Thanks for replying though


----------



## Anonymous (Aug 18, 2015)

The second pic is a nice batch of chips. Look up my thread "Christmas competition" because I've put some yield figures up that relate directly to this kind of auction.


----------



## glorycloud (Aug 18, 2015)

I like the ones in the top photo. They are older like 6Mhz to 16Mhz 186 / 188 / 286 processors.
If you want to sell them, I would be a buyer. PM me if you win the deal.


----------



## Maurice (Sep 18, 2015)

Thanks for the replies.

Sadly, the batch in the first picture was canceled by the seller for an unknown reason. I tried to mail the seller, but I've got no response yet. Probably not getting one soon I think

The second batch went for over 300 Euro's. Although there where a couple of Pentium I in the batch which yield between .5 and 1 gram, depending on the source . I found that 300 Euro's was a bit much to invest especially when it is unclear how much it would yield.



> "Christmas competition"


Nice competition, I must have missed that one.


----------



## patnor1011 (Sep 18, 2015)

Maurice said:


> Thanks for the replies.
> 
> Sadly, the batch in the first picture was canceled by the seller for an unknown reason.
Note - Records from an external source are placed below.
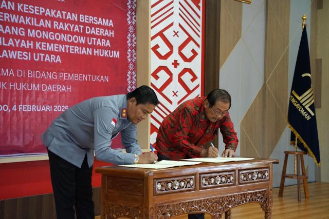 Dewan Perwakilan Rakyat Daerah (DPRD) Kabupaten Bolaang Mongondow Utara (Bolmut), menandatangani kesepakatan bersama Kantor Wilayah (Kanwil) Kementrian Hukum (Kemenkum) Sulawesi Utara (Sulut). (4/2/2025).
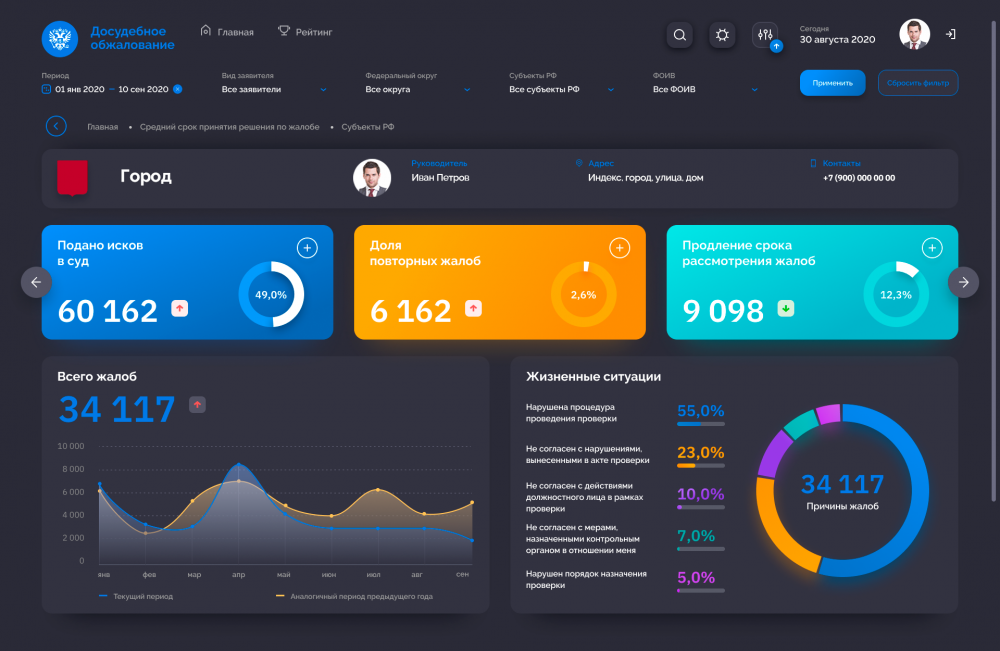На дашборде вице-премьера отражены показатели эффективности работы системы по стране: общее количество жалоб, нарушение сроков, средний срок принятия решений по всем субъектам. На панели министра отражаются те же показатели, но в разрезе министерства.
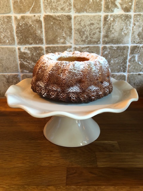 Door de bloem kan de bovenkant van de cake er wat flets uitzien. Wees gerust. De poedersuiker maakt dat helemaal goed.
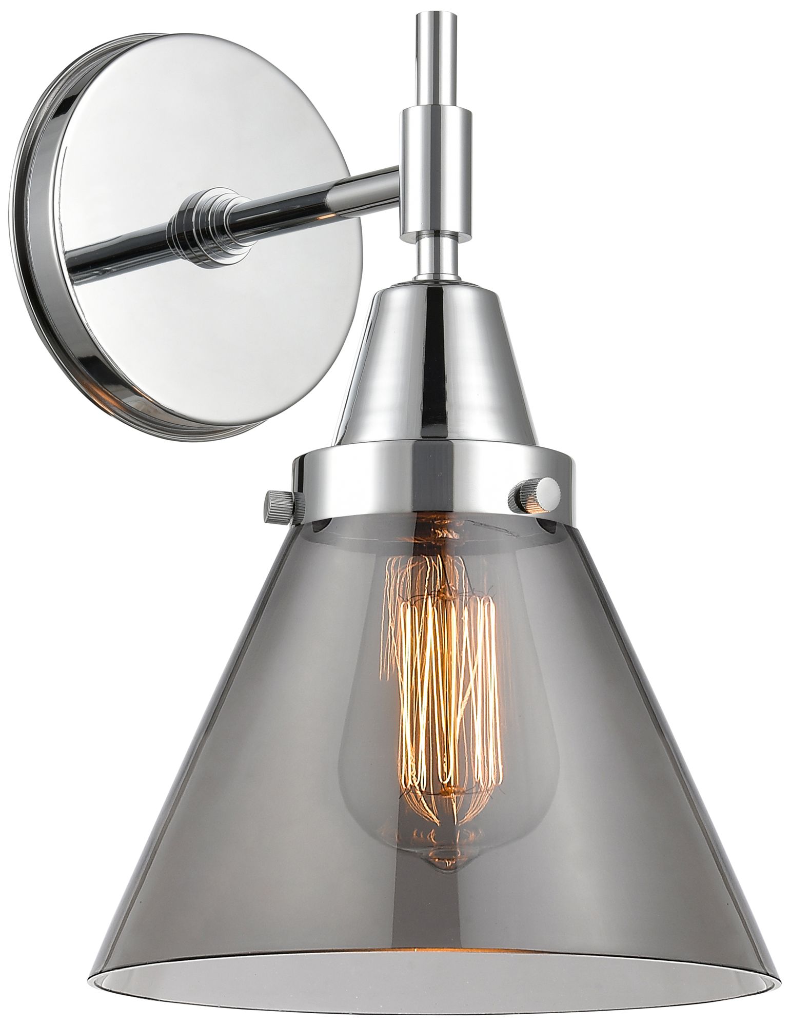 Caden Cone 11.25" High Polished Chrome Sconce w/ Plated Smoke Shade
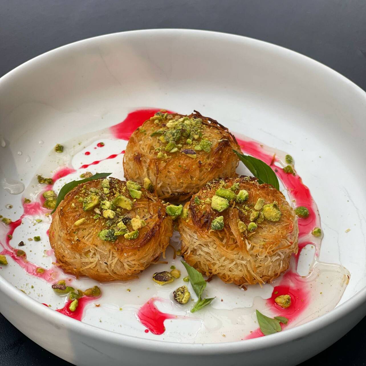 Postre de masa de sémola con queso, un jarabe de limón aromático y pistaches. 80 gr.
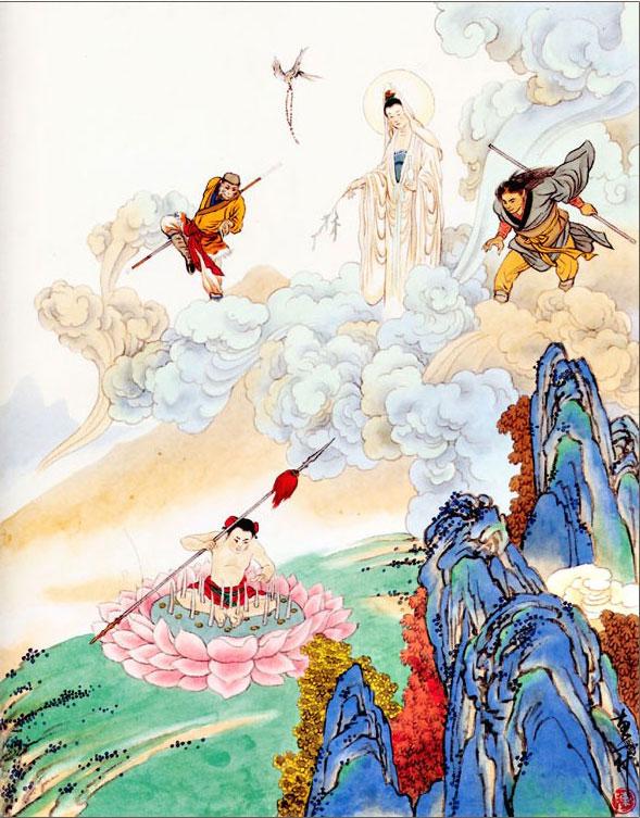 Тогда правитель велел вынести два подноса с рассыпным золотом и серебром и преподнес его монахам на дорожные расходы. Но Танский монах наотрез отказался взять хотя бы крупицу. Однако правитель государства не унимался. Он велел подать царский выезд, предложил Танскому монаху занять место в своей колеснице, и сам вместе с женами и наложницами выкатил ее за ворота дворца. На всех улицах и базарах толпами собрались жители, каждый хотел хоть чем-нибудь проявить свою благодарность: кто подносил воду, кто возжигал душистый ладан; так наших путников провожали до городских ворот. Неожиданно налетел сильный ветер, и с воздуха по обеим сторонам дороги плавно опустились корзины – тысяча сто одиннадцать штук. Дети, которые находились в них, громко плакали. Их незримо охраняли дух-хранитель города, дух местности, духи очагов, повелитель духов пяти стран света, четыре божества времени, небесные посланцы Лю-дин и Лю-цзя и, наконец, духи – хранители кумирен. Обращаясь к Сунь У-куну, они воскликнули:
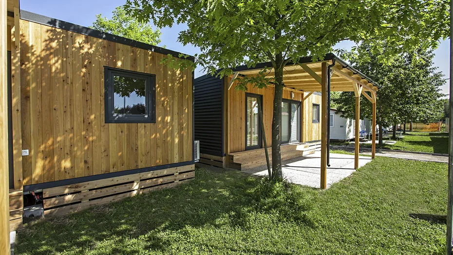 Comoda casa mobile per quattro persone con letto francese (160 cm), due letti separati (90 cm ciascuno) e vista sul parco. La casetta di 34 m2 dispone di bagno con doccia e toilette, terrazzo, tavolo da pranzo, divano biposto e angolo cucina.
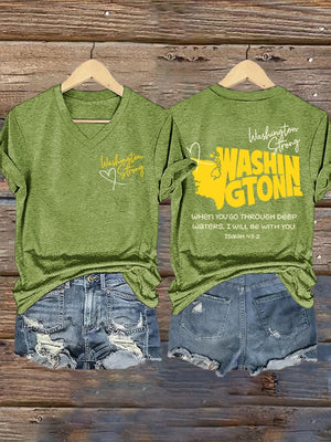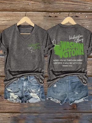 V-Neck Retro Washington Strong When You Go Through Deep Waters, I Will Be With You Isaiah 43:2 Print T-Shirt

I tried to mail the seller, but I've got no response yet. Probably not getting one soon I think
> 
> ...



They do not. Not even close so both sources are wrong. Highest I have seen reported here was .35 but average would be .3 gram.


----------



## Anonymous (Sep 18, 2015)

For the second picture I would conservatively estimate around 11.46 grammes for everything below the top two lines. The top two lines I wouldn't actually assign any money to because the range so far.


----------



## Maurice (Sep 18, 2015)

Thank you Patnor for the correction. 

I have read in the past that someone was able to get .9 out of a Pentium Pro using a state of the art lab with all high grade equipment. The person that did it was an expert chemist. But still it is just a story that someone wrote. Without the actual proof to that story. I would much rather trust the people on this forum then any story out there, especially as I have no experience with it myself. I did however read that the yield of a Pentium pro is not only related to the process and person extracting it, but also the location where the chip was produced is a factor in the amount of gold that was used for it construction.

Thank you Spaceships for the estimate. So lets say it would be 12 grams, that would mean around 360 Euro's (well a little more as the current price is at 30.34 a gram). Last time I saw the batch it was at 320 Euro's.. that would leave just 40 Euro's for profit, not counting the time and materials needed to get to the gold. People do crazy things when gold i involved


----------



## jimdoc (Sep 18, 2015)

There are several types of Pentium Pros, they are not all the same.
The details are on this forum somewhere.


----------



## FrugalRefiner (Sep 18, 2015)

Maurice said:


> I did however read that the yield of a Pentium pro is not only related to the process and person extracting it, but also the location where the chip was produced is a factor in the amount of gold that was used for it construction.


As Jim has pointed out, in addition to where the chip was produced, there are several varieties of the Pentium Pro chip. As I recall, one of our members shared some yield data, and the amount of memory on the package played a large part. I believe they were produced with 256K, 512K, and 1024K cache, and that greatly affected yield. As has been said many times before, the only yield data that matters is what _YOU_ get. Someone else, with great experience, a fully equipped lab, high quality reagents, and _their_ process, might get more (or less). That won't put money in your bank account.

Dave


----------



## Maurice (Sep 19, 2015)

Exactly


----------



## Anonymous (Sep 24, 2015)

jimdoc said:


> There are several types of Pentium Pros, they are not all the same.
> The details are on this forum somewhere.



The biggest difference is between the fibre based Pros and the ceramic based Pros. You have ceramic based ones so the difference is marginal. 

i.e The ceramic ones have a big assed gold soldered lid on top. That's where a large chunk of the gold is.


----------